Top of EXTRACTED RECORDS

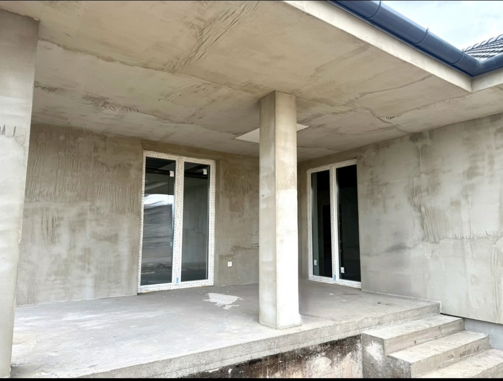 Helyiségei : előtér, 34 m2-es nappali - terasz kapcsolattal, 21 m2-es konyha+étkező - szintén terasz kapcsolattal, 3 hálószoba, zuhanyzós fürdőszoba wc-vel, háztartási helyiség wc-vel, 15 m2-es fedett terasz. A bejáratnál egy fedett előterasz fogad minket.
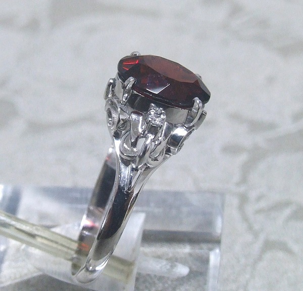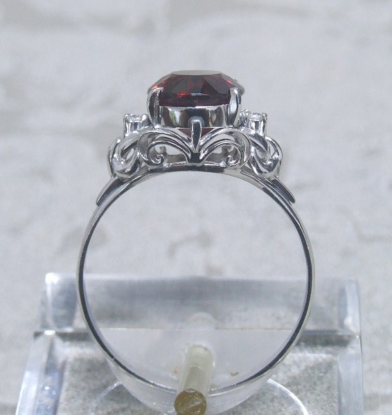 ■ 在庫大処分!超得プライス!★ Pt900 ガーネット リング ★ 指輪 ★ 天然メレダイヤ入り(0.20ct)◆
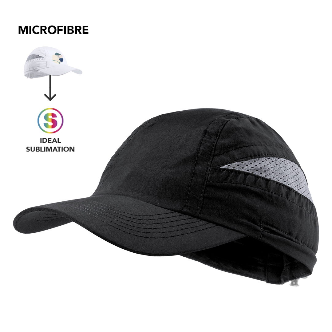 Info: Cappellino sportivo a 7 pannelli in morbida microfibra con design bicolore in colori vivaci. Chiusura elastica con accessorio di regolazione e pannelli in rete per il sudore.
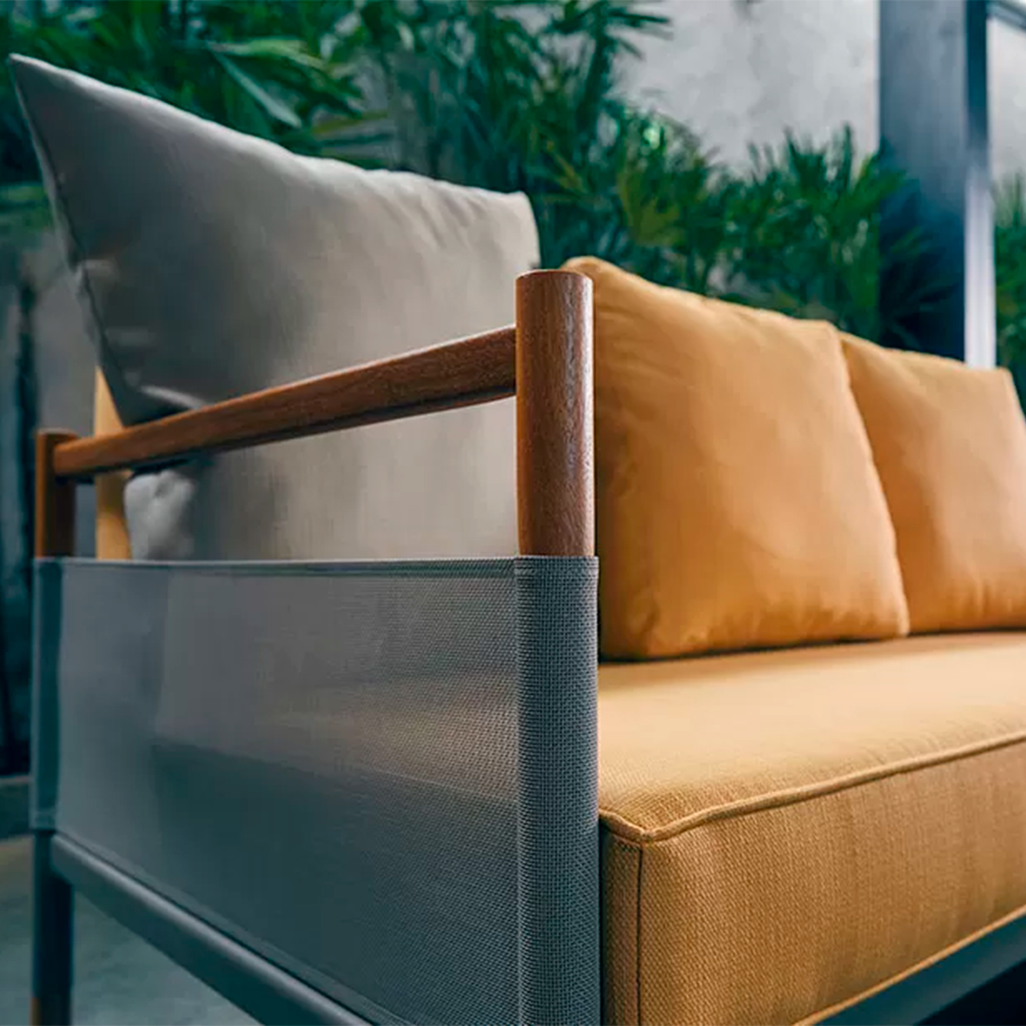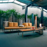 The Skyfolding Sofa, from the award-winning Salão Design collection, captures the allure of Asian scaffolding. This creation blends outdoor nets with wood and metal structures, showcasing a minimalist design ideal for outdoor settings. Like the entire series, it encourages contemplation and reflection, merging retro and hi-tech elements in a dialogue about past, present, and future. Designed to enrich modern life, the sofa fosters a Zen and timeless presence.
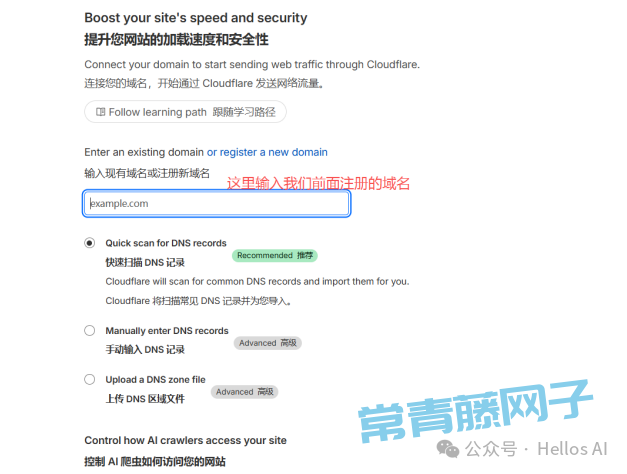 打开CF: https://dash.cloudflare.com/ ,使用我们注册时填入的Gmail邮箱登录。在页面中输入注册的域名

Bottom of EXTRACTED RECORDS
Top of EXTRACTED RECORDS

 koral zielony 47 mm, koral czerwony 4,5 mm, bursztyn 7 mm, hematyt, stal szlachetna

Bottom of EXTRACTED RECORDS

- [DIRECTIONS]
From the records above, copy exactly the lines starting at the one with "Helyiségei : előtér, 34" and ending at the one with "指輪 ★ 天然メレダイヤ入り(0.20ct)◆", and no others. Pictures stay out.

- [TASK RESULT]
 Helyiségei : előtér, 34 m2-es nappali - terasz kapcsolattal, 21 m2-es konyha+étkező - szintén terasz kapcsolattal, 3 hálószoba, zuhanyzós fürdőszoba wc-vel, háztartási helyiség wc-vel, 15 m2-es fedett terasz. A bejáratnál egy fedett előterasz fogad minket.
 ■ 在庫大処分!超得プライス!★ Pt900 ガーネット リング ★ 指輪 ★ 天然メレダイヤ入り(0.20ct)◆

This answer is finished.